2. Climate action must mend injustice
The climate crisis will take the fault lines in the Black, Brown, and low-income communities of Charleston — the decaying and unsafe housing, food insecurity, wealth inequality, flooded neighborhoods, and environmental toxins — and deepen them into collapse. Already, these communities are taking the brunt of climate consequences. If we choose to be awake to the climate crisis, then we must be awake to the racist and oppressive structures that deepen the crisis, too.

It’s our duty as activists, walking in the footsteps of the civil rights movement, to recognize the Lowcountry’s need for repair work and to center that in our climate solutions. We need to concretely improve folks’ lives and health as we improve our climate’s health — to weatherize homes, expand transportation access, provide tree canopy and food access to neighborhoods in need, and stand with the local racial justice movement.

If mending injustice isn’t at the heart of what we do, then we face a real possibility of doing more harm than good. And we’re here to do good.

3. We need to build a mass movement
We humans are social beings. We naturally look to our friends and communities to know: are we safe? Is there danger? And if everyone is carrying on as if things are fine, then it’s the rare person who wants to be the odd one out. That’s been the Lowcountry the past decade — carrying on as if we’re not staring out at a hungry, rising sea, with only a small cadre of enviro-folks sounding the alarm.

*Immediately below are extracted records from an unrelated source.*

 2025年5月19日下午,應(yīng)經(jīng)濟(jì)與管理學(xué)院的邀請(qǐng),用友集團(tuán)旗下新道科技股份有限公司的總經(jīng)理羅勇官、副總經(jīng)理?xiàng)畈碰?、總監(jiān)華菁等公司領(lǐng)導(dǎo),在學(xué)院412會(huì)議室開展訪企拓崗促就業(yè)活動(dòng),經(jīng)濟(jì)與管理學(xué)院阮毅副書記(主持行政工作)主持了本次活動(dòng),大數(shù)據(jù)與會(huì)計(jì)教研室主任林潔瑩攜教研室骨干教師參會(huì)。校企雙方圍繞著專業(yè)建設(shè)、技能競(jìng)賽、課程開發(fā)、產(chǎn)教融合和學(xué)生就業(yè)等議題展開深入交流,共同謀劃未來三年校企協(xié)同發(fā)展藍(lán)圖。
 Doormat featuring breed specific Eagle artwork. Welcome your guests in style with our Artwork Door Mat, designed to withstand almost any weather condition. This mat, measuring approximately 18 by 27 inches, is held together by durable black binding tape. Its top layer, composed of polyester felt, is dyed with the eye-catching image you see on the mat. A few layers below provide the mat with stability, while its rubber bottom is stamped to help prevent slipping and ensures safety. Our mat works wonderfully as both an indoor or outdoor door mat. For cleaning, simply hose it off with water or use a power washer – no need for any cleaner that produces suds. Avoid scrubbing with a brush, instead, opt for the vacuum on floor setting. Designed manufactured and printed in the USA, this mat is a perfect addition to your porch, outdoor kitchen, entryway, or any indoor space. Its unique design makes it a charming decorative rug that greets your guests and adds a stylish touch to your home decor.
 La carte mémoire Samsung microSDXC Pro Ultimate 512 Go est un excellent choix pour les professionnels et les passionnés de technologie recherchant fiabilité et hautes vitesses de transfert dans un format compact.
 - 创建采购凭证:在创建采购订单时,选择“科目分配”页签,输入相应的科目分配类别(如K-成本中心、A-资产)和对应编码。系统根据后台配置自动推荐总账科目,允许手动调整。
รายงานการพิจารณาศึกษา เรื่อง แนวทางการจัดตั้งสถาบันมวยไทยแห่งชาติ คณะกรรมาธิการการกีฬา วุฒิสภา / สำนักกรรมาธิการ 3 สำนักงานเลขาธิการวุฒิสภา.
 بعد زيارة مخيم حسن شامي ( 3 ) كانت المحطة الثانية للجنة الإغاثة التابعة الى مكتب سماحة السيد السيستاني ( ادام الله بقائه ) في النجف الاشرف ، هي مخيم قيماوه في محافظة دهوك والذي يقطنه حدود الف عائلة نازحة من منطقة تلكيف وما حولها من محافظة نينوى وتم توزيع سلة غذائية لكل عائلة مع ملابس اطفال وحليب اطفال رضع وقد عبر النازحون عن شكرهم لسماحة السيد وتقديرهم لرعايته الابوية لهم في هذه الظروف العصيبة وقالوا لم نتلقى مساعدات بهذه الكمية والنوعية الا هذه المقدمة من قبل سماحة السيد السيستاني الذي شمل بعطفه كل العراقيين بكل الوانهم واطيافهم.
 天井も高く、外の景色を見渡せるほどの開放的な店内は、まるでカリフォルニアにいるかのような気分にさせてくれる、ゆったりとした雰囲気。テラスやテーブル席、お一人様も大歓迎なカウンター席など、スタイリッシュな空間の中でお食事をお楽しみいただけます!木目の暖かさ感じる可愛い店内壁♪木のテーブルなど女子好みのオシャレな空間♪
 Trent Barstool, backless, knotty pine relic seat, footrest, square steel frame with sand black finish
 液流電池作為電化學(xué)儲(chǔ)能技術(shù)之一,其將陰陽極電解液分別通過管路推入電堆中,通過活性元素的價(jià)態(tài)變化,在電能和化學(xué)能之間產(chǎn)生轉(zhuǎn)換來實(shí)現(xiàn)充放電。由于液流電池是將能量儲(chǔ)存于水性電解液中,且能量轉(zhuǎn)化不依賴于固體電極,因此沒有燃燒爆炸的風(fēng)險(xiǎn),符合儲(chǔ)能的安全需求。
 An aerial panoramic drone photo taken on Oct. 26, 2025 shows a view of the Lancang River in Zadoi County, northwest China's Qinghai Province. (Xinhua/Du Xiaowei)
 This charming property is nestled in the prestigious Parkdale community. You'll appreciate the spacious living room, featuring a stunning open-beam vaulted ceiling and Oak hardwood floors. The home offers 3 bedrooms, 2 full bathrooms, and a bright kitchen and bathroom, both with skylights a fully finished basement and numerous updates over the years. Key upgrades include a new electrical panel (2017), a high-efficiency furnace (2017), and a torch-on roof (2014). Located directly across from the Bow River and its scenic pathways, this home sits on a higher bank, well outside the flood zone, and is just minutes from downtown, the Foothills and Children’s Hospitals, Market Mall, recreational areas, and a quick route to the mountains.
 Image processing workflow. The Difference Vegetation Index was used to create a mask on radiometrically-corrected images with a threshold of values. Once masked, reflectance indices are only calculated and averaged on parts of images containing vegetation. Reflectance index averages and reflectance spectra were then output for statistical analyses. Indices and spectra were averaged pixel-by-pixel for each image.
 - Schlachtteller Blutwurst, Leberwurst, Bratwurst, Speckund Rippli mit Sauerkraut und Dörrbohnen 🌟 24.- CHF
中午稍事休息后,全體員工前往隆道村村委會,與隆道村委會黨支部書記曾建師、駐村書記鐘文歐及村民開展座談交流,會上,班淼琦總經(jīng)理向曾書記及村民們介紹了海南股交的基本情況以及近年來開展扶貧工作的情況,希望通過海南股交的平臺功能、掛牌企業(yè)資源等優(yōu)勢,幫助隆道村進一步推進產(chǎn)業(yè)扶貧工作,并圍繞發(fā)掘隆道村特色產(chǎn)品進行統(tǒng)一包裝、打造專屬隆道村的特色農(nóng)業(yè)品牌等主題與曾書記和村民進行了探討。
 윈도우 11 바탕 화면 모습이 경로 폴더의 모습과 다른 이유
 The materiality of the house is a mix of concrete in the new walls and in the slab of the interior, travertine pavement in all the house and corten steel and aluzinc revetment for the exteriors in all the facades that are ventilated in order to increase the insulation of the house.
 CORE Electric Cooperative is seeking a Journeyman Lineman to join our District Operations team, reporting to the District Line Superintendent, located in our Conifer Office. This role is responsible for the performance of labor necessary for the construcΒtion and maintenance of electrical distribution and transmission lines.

This is a crisis situation, a real hair-on-fire scenario. The UN IPCC report has told us we have less than a decade to reverse warming before the consequences get distinctly apocalyptic. And we face powerful opposing forces, like the fossil fuel companies that have spread disinformation and lobbied politicians for decades to protect their fossil fuel portfolios and prevent us from acting on climate.

The only way to overcome the countervailing forces of capital and governmental inertia is with a broad, strong coalition of Lowcountry citizens from every walk of life. We need a rising tide of people power, a crashing wave of workers, artists, students, elders, shops, churches, and everyone else crying out for change. We need a Surge, if you will.

A PERSONAL NOTE

My father died in the summer of 2018 after a long, hard 3 years of cancer. Afterwards, I felt a need to reenter the world, and as part of that I wanted to do my part on the climate crisis. Bafflingly, there was no existing climate activism group to join in climate vulnerable Charleston, SC. So in time, I met up with local folks who cared, we put on a rally, we carried on as the Charleston Climate Coalition. Three years after dad passed, I’m still at it.

I think the connection is this: my dad’s cancer was terminal. There was nothing I could do to save him. But the climate crisis is not a terminal diagnosis, not yet. I can’t stand the idea of standing by while we have the treatment and letting our window pass and the world as we know it die. To be able to heal, still, is a gift, not to be wasted.

I don’t come from a background in science or the environment. I’m a writer whose primary skill is making things up. So I can provide ideas and visions. But I need you to help populate those visions — to find where what you’re good at, what energizes you, and what can help the planet intersect, and to throw yourself into that with your full heart.